Fundamentals of ML Flashcards
What is ML?
- teach a computer model to make predictions and draw conclusions from data
- building computer systems that learn from data
- ML algorithms are trained to find relationships and patterns in data
- intersection of Data Science and Software Engineering
- Data Scientist: explore and prepare data, train ML model
- Software Engineer: integrate models in applications
ML as a function
- A ML model is a software application that encapsulates a function to calculate an output value based on one or more input values
- Training = defining functions
- Inferencing = predict new values
Steps of Training and Inference
- Data = past observations
- x = observed attributes / features
- y = known value of prediction / label
- x can be a vector of multiple features - Algorithm is applied to determine relationship between x and y
- Result of algorithm is a model that encapsulates a calculation on x to calculate y
- calculation is a function y = f(x) - Trained model can be used for inference
- predictions are ŷ (y-hat)
- rained models are used to draw conclusions from new data
Types of ML
- Supervised ML
a) Regression
b) Classification
ba) binary classification
bb) multiclass classification - Unsupervised ML
a) Clustering
Supervised ML
Training data with known features and values (= labeled dataset)
- most common type
- label can be anything from a category label to a real-valued number
- model learns a mapping between the input (features) and the output (label) during the training process
- once trained, model can predict the output for new, unseen data
Common Examples for supervised ML
- linear regression for regression problems
- logistic regression for binary classification
- decision trees
- support vector machines for classification problems
Unsupervised ML
Only features no known labels (= unlabeled dataset)

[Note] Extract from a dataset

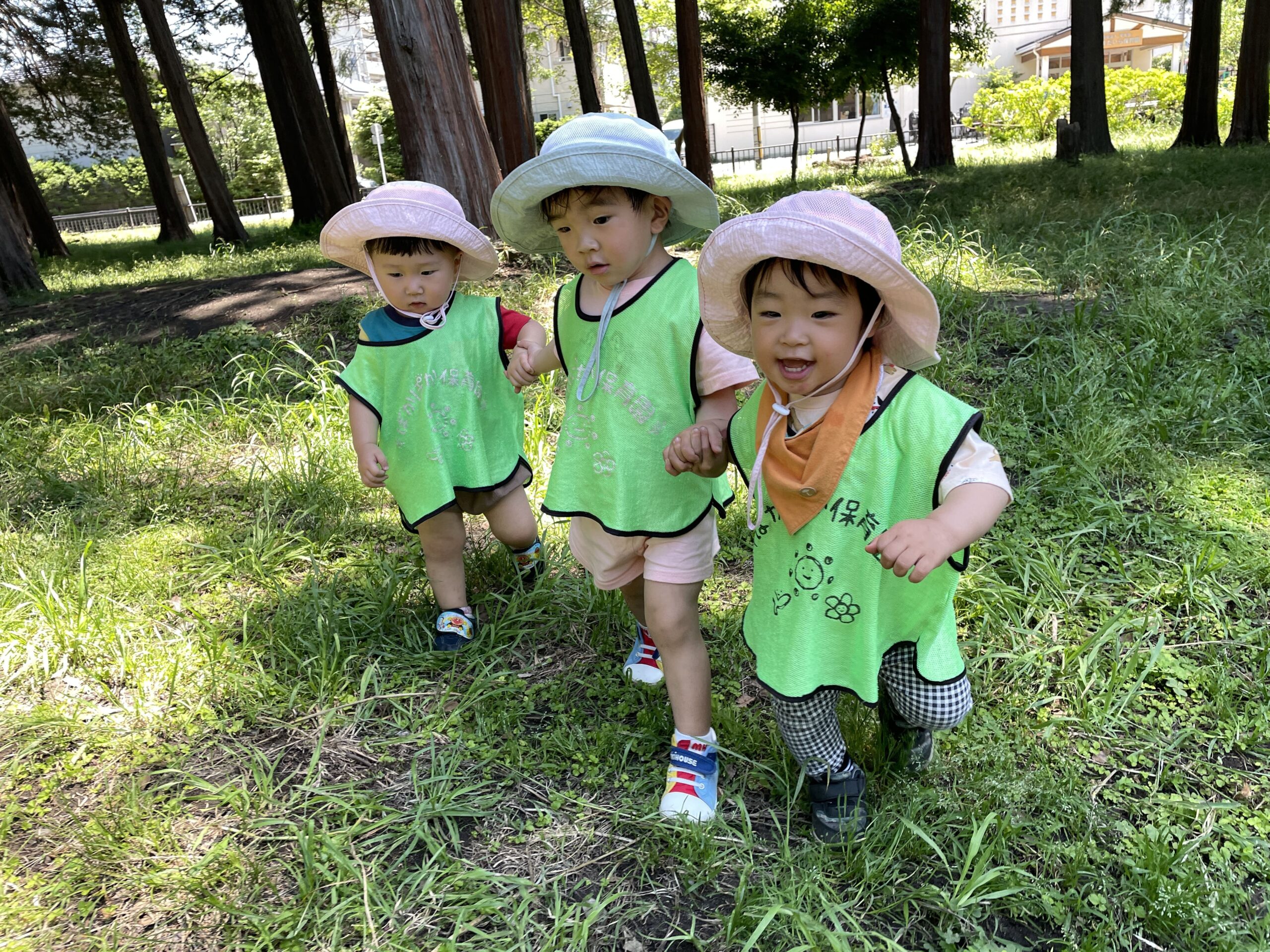 そして今日、一番輝いていた場面──それは園に帰る時間。2歳児クラスのお友だちが1歳児クラスの子どもを迎えに行き、「いっしょに帰ろう」と手をつないでくれたのです。先生も「お友だちと、手をつないでくれてありがとう」と感謝を伝えました。子どもは「ひとりじゃないよ。いっしょだよ!」ととても立派でした!

- Model finds patterns and relationships between features
Common Examples of unsupervised ML
- Clustering (grouping similar data points together)
- Dimensionality reduction (reducing the number of random variables under consideration by obtaining a set of principal variables)
- k-means for clustering problems
- Principal Component Analysis (PCA) for dimensionality reduction problems
Regression
Models are trained to predict numeric label values based on training data that includes both features and known labels
e.g. predicting ice-cream sales (y) based on temperature (x)
Regression elements of training process
- Split training data randomly (train and validate subset)
- Use algorithm to fit data to a model
- Validating by predicting values
- compare actual labels to predictions
/ aggregate differences to calculate metric of accuracy
Regression Evaluation Metrics
- MAE (Mean Absolute Error)
- MSE (Mean Squared Error)
- RMSE (Root Mean Squared Error)
- R2 (Coefficient of Determination)
MAE
Mean absolute error
- Variance (by how many was each prediction wrong)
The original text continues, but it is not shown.